- **How to complete this task**
In the data below, find the line containing "Bei den Außenlasten" and the line containing "Player Cocktail Glasses", then reproduce them and every line between, exactly. Omit pictures.

- **Supplied records**

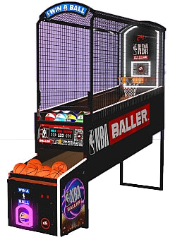 NBA Baller takes the classic hoops game you know and love and adds an exciting twist—the ability to function as a merchandiser, dispensing a seven inch officially licensed NBA ball when players beat the high score.
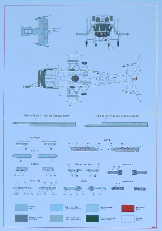 Bei den Außenlasten hat ARK models/HobbyBoss richtig geklotzt. Hier gibt es wohl alles was man an einem Ka-29 befestigen kann. Zwar gibt es auch einen Plan zur Befestigung dieser Außenlasten, jedoch ist der nicht besonders aussagekräftig für mich.
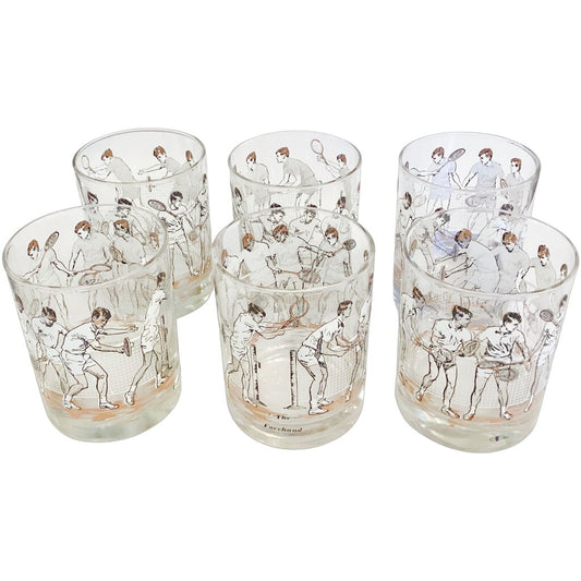 S/6 Vintage "The Forehand" by Cera Cora Tennis Player Cocktail Glasses
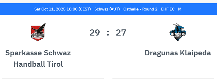 Švaco „Tirol“ – Klaipėdos „Dragūnas“ 29:27 (13:14).
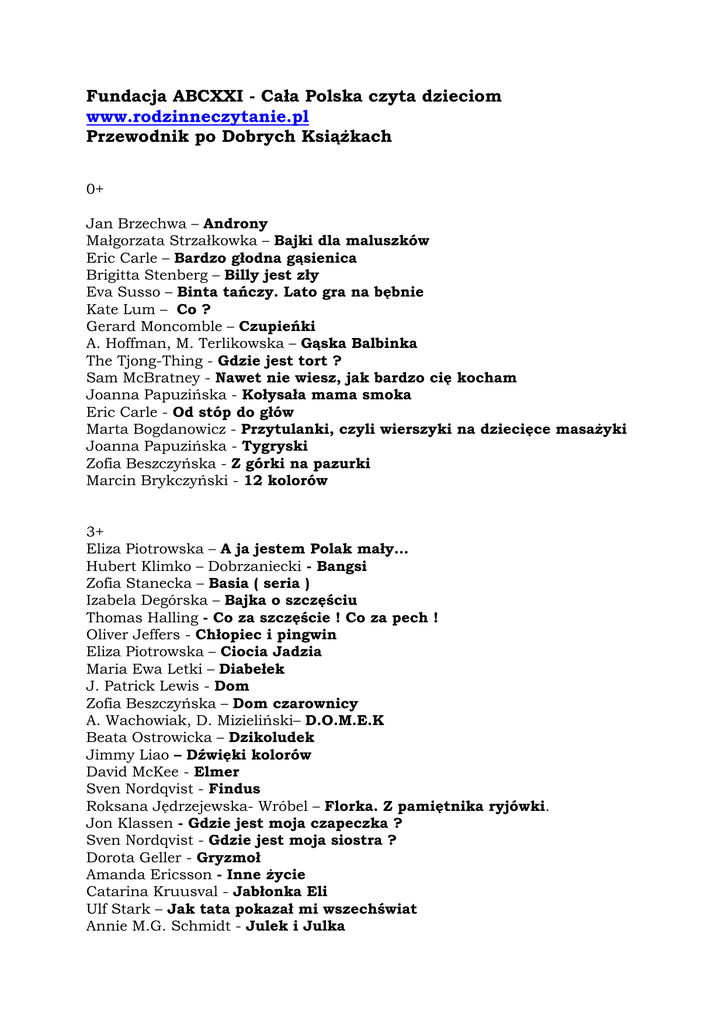 Fundacja ABCXXI - Cała Polska czyta dzieciom www.rodzinneczytanie.pl Przewodnik po Dobrych Książkach 0+ Jan Brzechwa – Androny Małgorzata Strzałkowka – Bajki dla maluszków Eric Carle – Bardzo głodna gąsienica Brigitta Stenberg – Billy jest zły Eva Susso – Binta tańczy. Lato gra na bębnie Kate Lum – Co ? Gerard Moncomble – Czupieńki A. Hoffman, M. Terlikowska – Gąska Balbinka The Tjong-Thing - Gdzie jest tort ? Sam McBratney - Nawet nie wiesz, jak bardzo cię kocham Joanna Papuzińska - Kołysała mama smoka Eric Carle - Od stóp do głów Marta Bogdanowicz - Przytulanki, czyli wierszyki na dziecięce masażyki Joanna Papuzińska - Tygryski Zofia Beszczyńska - Z górki na pazurki Marcin Brykczyński - 12 kolorów 3+ Eliza Piotrowska – A ja jestem Polak mały… Hubert Klimko – Dobrzaniecki - Bangsi Zofia Stanecka – Basia ( seria ) Izabela Degórska – Bajka o szczęściu Thomas Halling - Co za szczęście ! Co za pech ! Oliver Jeffers - Chłopiec i pingwin Eliza Piotrowska – Ciocia Jadzia Maria Ewa Letki – Diabełek J. Patrick Lewis - Dom Zofia Beszczyńska – Dom czarownicy A. Wachowiak, D. Mizieliński– D.O.M.E.K Beata Ostrowicka – Dzikoludek Jimmy Liao – Dźwięki kolorów David McKee - Elmer Sven Nordqvist - Findus Roksana Jędrzejewska- Wróbel – Florka. Z pamiętnika ryjówki. Jon Klassen - Gdzie jest moja czapeczka ? Sven Nordqvist - Gdzie jest moja siostra ? Dorota Geller - Gryzmoł Amanda Ericsson - Inne życie Catarina Kruusval - Jabłonka Eli Ulf Stark – Jak tata pokazał mi wszechświat Annie M.G. Schmidt - Julek i Julka Astrid Lindgren - Ja też chcę mieć rodzeństwo Lotta Geffenblad - Kamyki Astona Joanna Chmielewska - Kłopot Christina Bjork - Linnea w ogrodzie Moneta Roksana Jędrzejewska – Wróbel - Maleńkie królestwo królewny Aurelki A. i D.Mizielińscy - Mapy A. i D. Mizielińscy - Miasteczko Mamoko J.i T. Wieslander - Mama Mu Liliana Bardijewska - Moje – nie moje Joanna Papuzińska - Mój tato szczęściarz Pija Lindenbaum - Nusia i wilki Stanisław Wygodzki - Odwiedziła mnie żyrafa Jacek Jelonkiewicz - Okruszek z Zaczarowanego Lasu Ian Falconer - Oliwia Wojciech Widłak - Pan Kuleczka ( seria ) Astrid Lindgren - Pewnie, że Lotta umie jeździć na rowerze Anna Onichimowska - Piecyk, czapeczka i budyń Simme Tabback - Płaszcz Józefa Emily Horn - Przepraszam, czy jesteś czarownicą ? Adam Jaromir - Słoniątko Danuta Wawiłow - Strasznie ważna rzecz Markus Majaluoma - Tato, popłyńmy na wyspę Zdenek Sverak - Ucieszki Cieszka Przemysław Wechterowicz – W pogoni za życiem Wojciech Widłak - Wesoły Ryjek Małgorzata Strzałkowska - Wiersze do poduchy Małgorzata Strzałkowska - Wiersze, że aż strach Melanie Watt - Wiewiór wystraszony Maria Marjańska- Czernik - Wypożyczalnia babć Łukasz Wierzbicki - Wyprawa niesłychana Benedykta i Jana Annelore Parot - Yumi Anna Onichimowska - Zasypianki na każdy dzień miesiąca Małgorzata Strzałkowska - Zielony, żółty, rudy, brązowy ! Liliana Bardijewska - Zielony wędrowiec Bibi Dumon Tak - Zwierzaki – cudaki Max Velthuijs – Żabka i obcy Eliza Piotrowska - Żółte kółka 6+ Małgorzata Strykowska-Zaręba – Abecelki Łukasz Wierzbicki – Afryka Kazika Markery Williams – Aksamitny królik Joanna Papuzińska – Asiunia Baśnie świata ( Media Rodzina ) David Williams – Babcia Rabuś Zbigniew Kiersznowski – Baśnie japońskie. Bezpowrotna góra Paweł Beręsewicz – Co tam u Ciumków ? Ivona Brezinova – Cukierek dla dziadka Tadka Afanasjewowie – Czarodziejski Młyn Iwona Chmielewska – Cztery zwykłe miski Ulf Stark – Czy umiesz gwizdać Joanno ? Liliana Bardijewska – Dom ośmiu tajemnic Łukasz Wierzbicki – Dziadek i niedźwiadek Oskar Brenifier - Dzieci filozofują ( seria ) David Almond - Dzikus Edith Nesbit – Feniks i dywan Ingelin Angerborn – Gdybym nie pomyliła psów Sali Peltoniemi – Groszka. Piesek, który chciał mieć dziewczynkę Michał Rusinek – Jak robić przekręty. Poradnik dla dzieci T. Kwaśniewski, A. Bedyńska – Jedno oko na Maroko Leo Buscaglia – Jesień liścia Jasia Beata Ostrowicka – Jest taka historia. Opowieść o Januszu Korczaku Katarzyna Kotowska – Jeż Ingmar Fjell – Joachim Lis Grzegorz Kasdepke - Kacperiada Roksana Jędrzejewska – Wróbel - Kamienica Rafał Witek – Klub latających ciotek Maria Ewa Letki – Królewna w koronie Marek Bieńczyk – Książę w cukierni Andrzej Maleszka – Magiczne drzewo Szymon Sławiński – Mały Powstaniec Barbara Voors – Mama, która zagderała się na śmierć Zuzanna Orlińska – Matka Polka Grzegorz Kasdepke – Mity dla dzieci Rose Lagercrantz – Moje szczęśliwe życie Joanna Papuzińska - Mój tata szczęściarz Tove Jansson - Muminki Michael Ende – Niekończąca się historia Gianni Rodari – Niewidzialny Tonino Ulrich Hub – O ósmej na arce Małgorzata Strzałkowska – O wartościach Miroslav Sasek – Oto jest Paryż ( seria ) Wanda Chotomska – Panna Kreseczka Heine Janisz – Pan Jaromir i arcyzłodziej Leena Krohn – Pelikan. Opowieść z miasta Asa Lind – Piaskowy Wilk Joanna Olech – Pompon w rodzinie Fisiów Oscar Brenifier – Prawda według Niny Otfried Preussler –Rozbójnik Hotzenplotz Marketa Bankowa - Sroka w krainie entropii Zofia Stanecka – Świat według dziadka Martin Widmark – Tajemnica mumii Paweł Beręsewicz – Tajemnica człowieka z blizną Myoko Matsutani - Tatsu Taro, syn smoka Maria Parr - Tonja z Glimmerdalen Moni Nilsson - Tsatsiki A. i D. Mizielińscy – Tu jesteśmy. Kosmiczne wyprawy, wizje i eksperymenty Olga Masiak – Tydzień Konstancji Jerzy Broszkiewicz – Wielka, większa i największa Paweł Beręsewicz – Warszawa. Spacery z Ciumkami A. M. Grabowski – Wojna na Pięknym Brzegu Renata Piątkowska – Wszystkie moje mamy Joanna Rudniańska - XY Małgorzata Strzałkowska – Zielony i Nikt Barbara Gawryluk - Zuzanka z pistacjowego domu Vera Ferra-Mikura – Zwierzyn
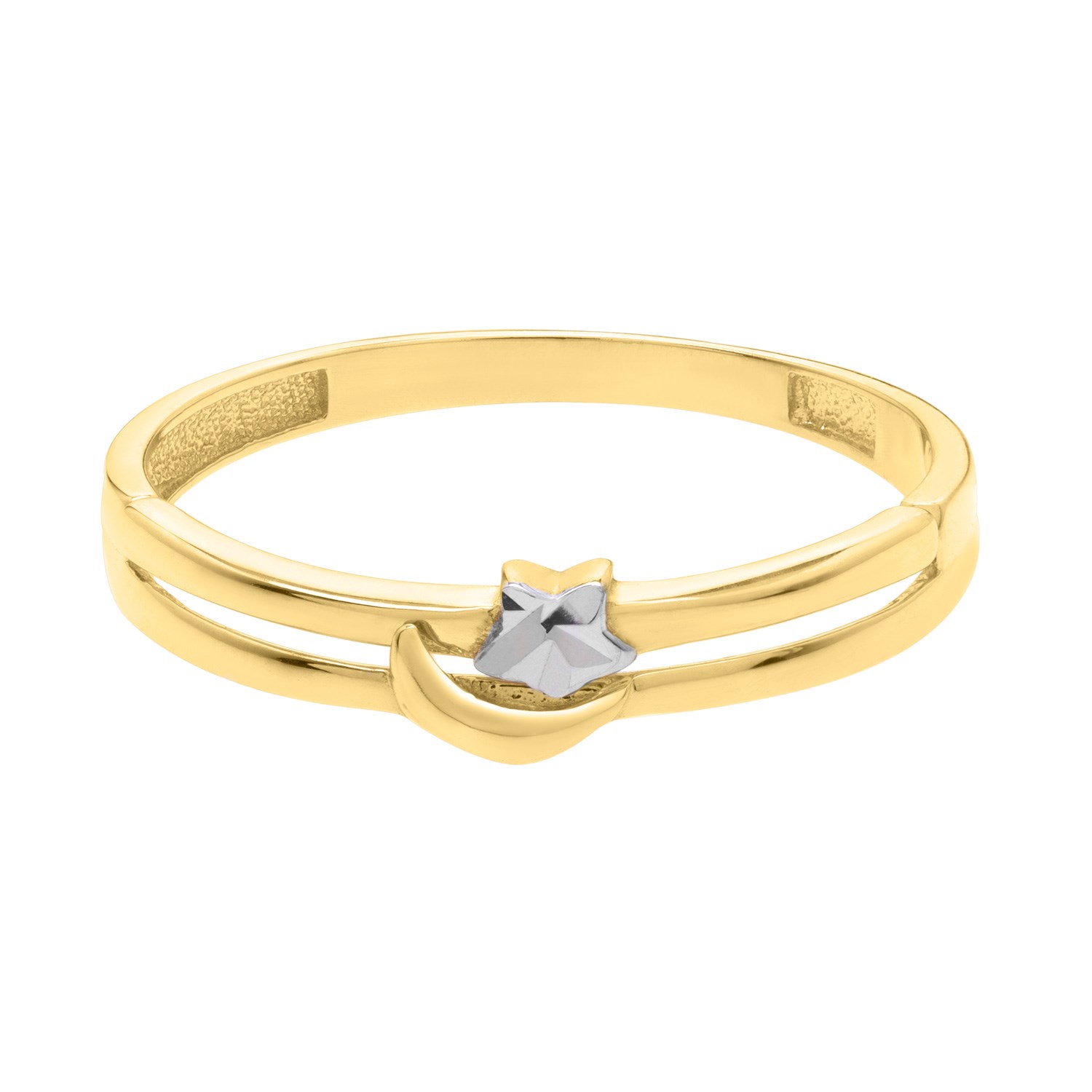 This 10k two-tone gold ring features a delicate star and moon motif, enhanced by a diamond-cut and polished finish. Cutout details behind the celestial shapes add a sense of depth and an ethereal quality to the design. A precious accessory, it’s perfect for those inspired by the mystery and wonder of the night sky.

- **Answer to this exercise**
 Bei den Außenlasten hat ARK models/HobbyBoss richtig geklotzt. Hier gibt es wohl alles was man an einem Ka-29 befestigen kann. Zwar gibt es auch einen Plan zur Befestigung dieser Außenlasten, jedoch ist der nicht besonders aussagekräftig für mich.
 S/6 Vintage "The Forehand" by Cera Cora Tennis Player Cocktail Glasses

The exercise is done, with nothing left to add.